Eukaryotic DNA Has Loops and Domains Attached to a Scaffold

KEY CONCEPTS
- DNA of interphase chromatin is negatively supercoiled into independent domains averaging 85 kb.
- Metaphase chromosomes have a protein scaffold to which the loops of supercoiled DNA are attached.
Interphase chromatin is a tangled-appearing mass occupying a large part of the nuclear volume. This is in contrast with the highly organized and reproducible ultrastructure of mitotic chromosomes. What controls the distribution of interphase chromatin within the nucleus?
Some indirect evidence about its nature is provided by the isolation of the genome as a single, compact body. Using the same technique that was developed for isolating the bacterial nucleoid , researchers can lyse nuclei on top of a sucrose gradient. This releases the genome in a form that can be collected by centrifugation. As isolated from Drosophila melanogaster, it can be visualized as a compactly folded fiber (10 nm in diameter) consisting of DNA bound to proteins.
Supercoiling measured by the response to ethidium bromide corresponds to about 1 negative supercoil/200 bp. These supercoils can be removed by nicking with DNase, although the DNA remains in the form of the 10-nm fiber. This suggests that the supercoiling is caused by the arrangement of the fiber in space, and that it represents the existing torsion.
Full relaxation of the supercoils requires 1 nick/85 kb or so, thus identifying the average length of torsionally “closed” DNA. This region could comprise a loop or domain similar in nature to those identified in the bacterial genome. Loops can be seen directly when the majority of proteins are extracted from mitotic chromosomes.
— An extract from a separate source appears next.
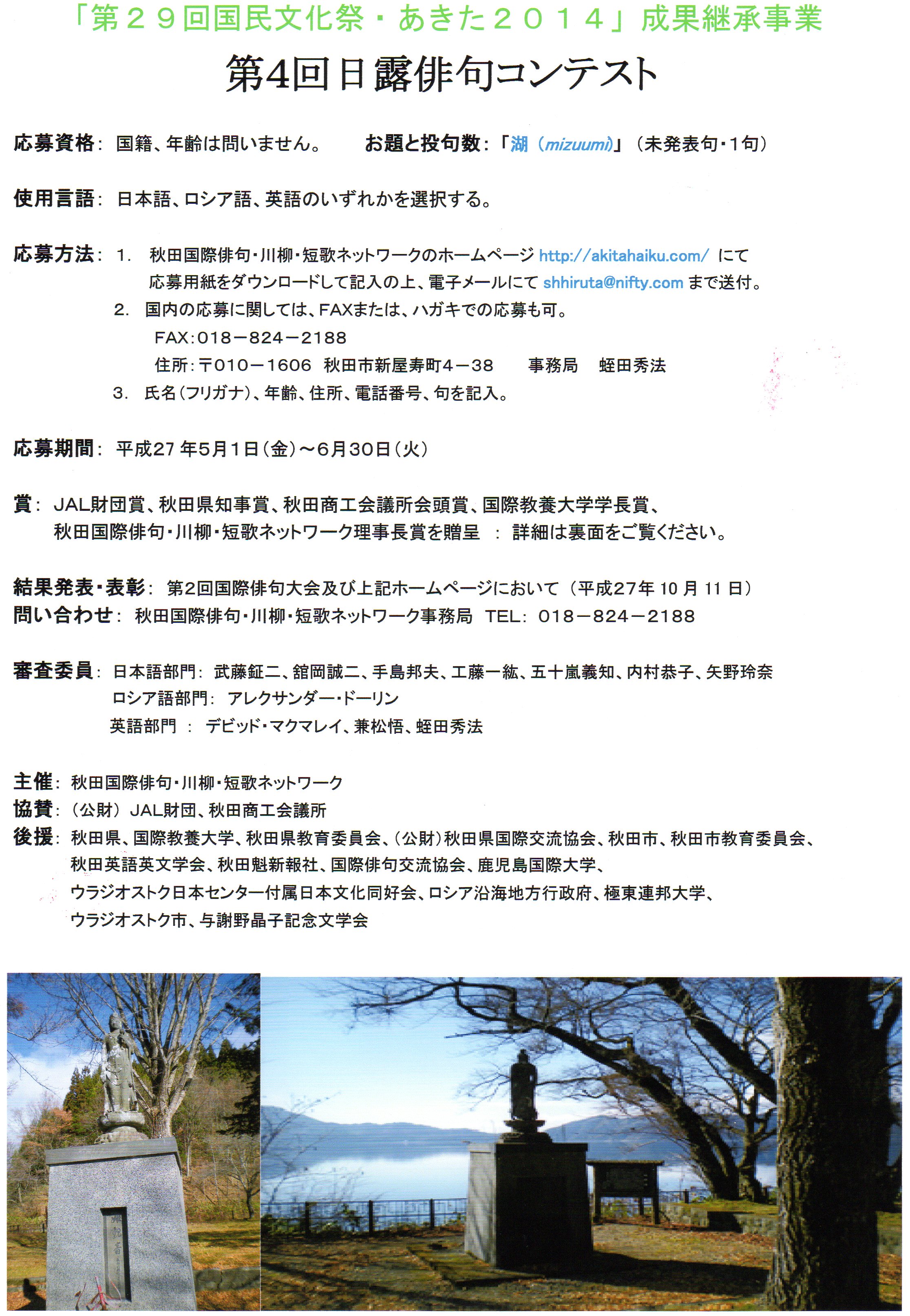 本年、「第29回国民文化祭・あきた2014」成果継承事業として、第4回日露俳句コンテストを開催いたします。

The resulting complex consists of the DNA associated with about 8% of the original protein content. As shown in FIGURE 1, the protein-depleted chromosomes reveal an underlying structure of a metaphase scaffold that still resembles the general form of a mitotic chromosome, surrounded by a halo of DNA.
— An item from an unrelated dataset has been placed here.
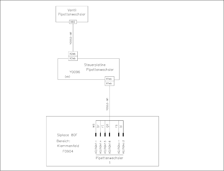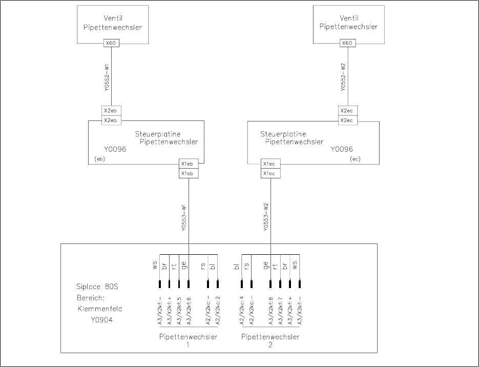 • Schließen Sie das Anschluß Y0553-W1 bzw. Y0553-W2 vom Pipettenwechsler gemäß nachfolgenden
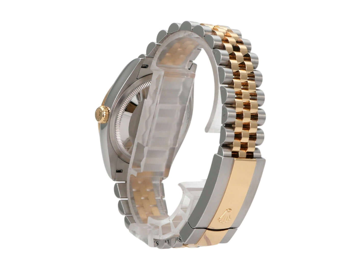 Case made of stainless steel / yellow gold polished and satin-finished, case diameter 36 mm, fluted 18 kt yellow gold bezel, Jubilee bracelet made of stainless steel / 18 kt yellow gold polished and satin-finished with folding clasp, silver-colored dial with diamonds at Roman VI and IX, yellow gold hands, automatic movement, Rolex manufacture caliber 3235 with 31 jewels, 28,800 A/h, 70 hours power reserve, date display, chronometer, scratch-resistant sapphire crystal, screwed 18 kt yellow gold crown, screwed stainless steel case back, water-resistant up to 10 bar.

FIGURE 1 Histone-depleted chromosomes consist of a protein scaffold to which loops of DNA are anchored.
Reprinted from: Paulson, J. R., and Laemmli, U. K. 1977. “The structure of histonedepleted metaphase chromosomes.” Cell 12:817–828., with permission from Elsevier (http://www.sciencedirect.com/science/article/pii/009286747790280X). Photo courtesy of Ulrich K. Laemmli, University of Geneva, Switzerland.
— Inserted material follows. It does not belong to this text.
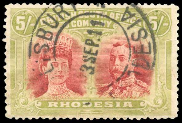 1910-13 5s scarlet and pale yellow-green, perf 14, ‘short gash’ head plate, used with large part Salisbury cds, dated ‘3 SEP 11’, slightly rubbed but very scarce commercially used. SG 160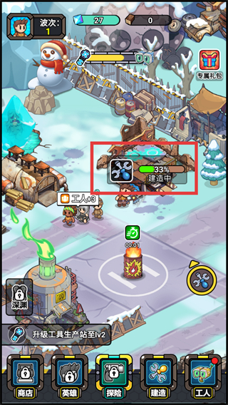 2、等待建筑建造进度(如33%)完成,提升建筑功能和产出。

The metaphase scaffold consists of a dense network of fibers. Threads of DNA emanate from the scaffold, apparently as loops of average length 10 to 30 μm (30 to 90 kb). The DNA can be
digested without affecting the integrity of the primarily proteinaceous scaffold. In interphase nuclei, this underlying proteinaceous structure is less well defined, but a more broadly dispersed arrangement in the nucleoplasm has been referred to as the nuclear matrix rather than the scaffold.